Pictures should not appear in the copy; the records themselves must be written out exactly.
[MATERIAL FOR THIS EXERCISE — start]
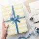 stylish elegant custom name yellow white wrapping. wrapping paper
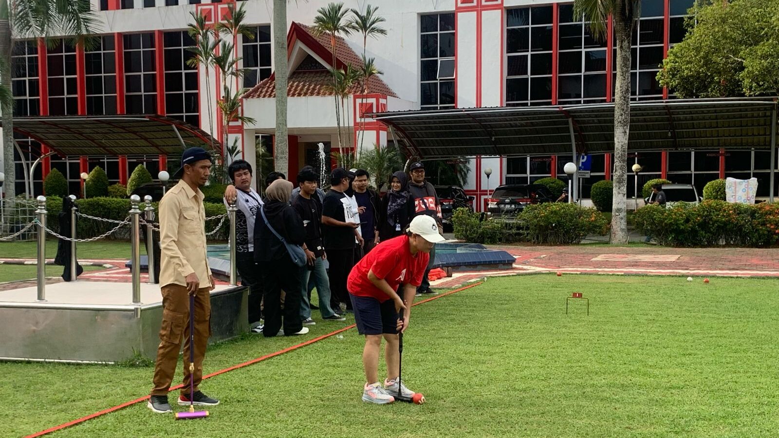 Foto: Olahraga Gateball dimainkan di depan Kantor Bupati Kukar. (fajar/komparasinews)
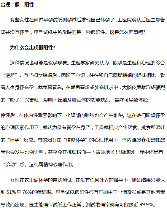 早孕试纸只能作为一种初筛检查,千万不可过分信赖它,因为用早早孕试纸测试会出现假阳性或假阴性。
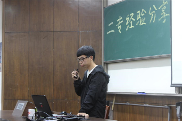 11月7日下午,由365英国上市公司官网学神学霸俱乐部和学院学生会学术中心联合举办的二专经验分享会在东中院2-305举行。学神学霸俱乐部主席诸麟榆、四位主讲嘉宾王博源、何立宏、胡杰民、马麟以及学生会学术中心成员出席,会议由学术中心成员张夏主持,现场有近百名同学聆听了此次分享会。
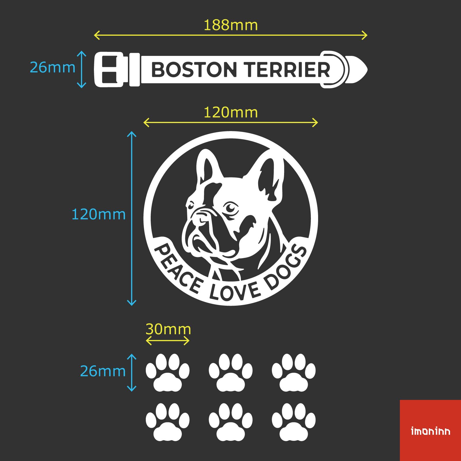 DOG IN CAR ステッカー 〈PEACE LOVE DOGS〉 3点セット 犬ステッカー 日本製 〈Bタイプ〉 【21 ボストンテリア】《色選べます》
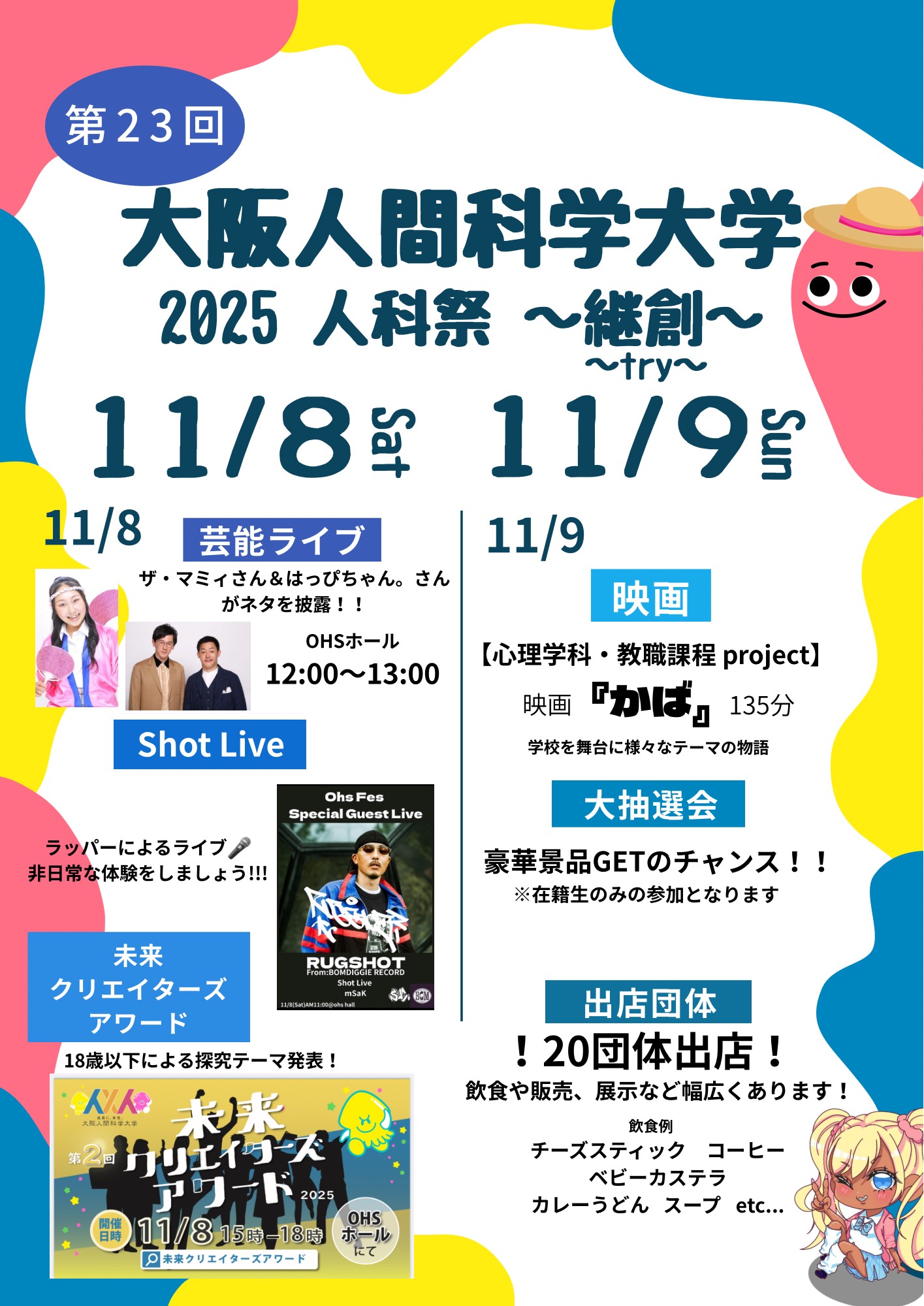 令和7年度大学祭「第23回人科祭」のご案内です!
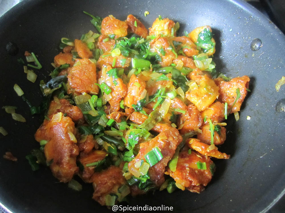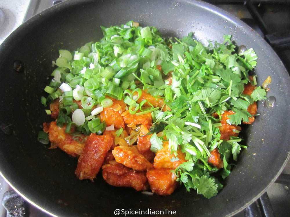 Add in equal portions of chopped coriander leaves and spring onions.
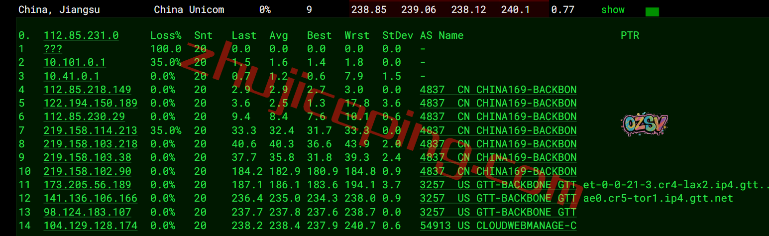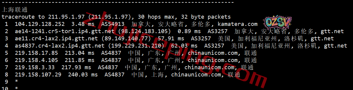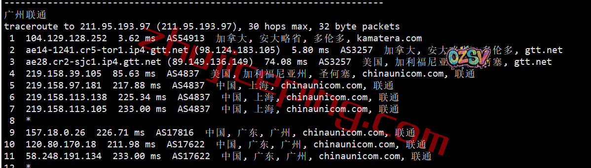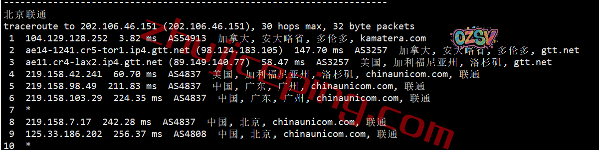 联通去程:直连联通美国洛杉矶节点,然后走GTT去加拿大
[MATERIAL FOR THIS EXERCISE — finish]
#### ANSWER
 stylish elegant custom name yellow white wrapping. wrapping paper
 Foto: Olahraga Gateball dimainkan di depan Kantor Bupati Kukar. (fajar/komparasinews)
 早孕试纸只能作为一种初筛检查,千万不可过分信赖它,因为用早早孕试纸测试会出现假阳性或假阴性。
 11月7日下午,由365英国上市公司官网学神学霸俱乐部和学院学生会学术中心联合举办的二专经验分享会在东中院2-305举行。学神学霸俱乐部主席诸麟榆、四位主讲嘉宾王博源、何立宏、胡杰民、马麟以及学生会学术中心成员出席,会议由学术中心成员张夏主持,现场有近百名同学聆听了此次分享会。
 DOG IN CAR ステッカー 〈PEACE LOVE DOGS〉 3点セット 犬ステッカー 日本製 〈Bタイプ〉 【21 ボストンテリア】《色選べます》
 令和7年度大学祭「第23回人科祭」のご案内です!
 Add in equal portions of chopped coriander leaves and spring onions.
 联通去程:直连联通美国洛杉矶节点,然后走GTT去加拿大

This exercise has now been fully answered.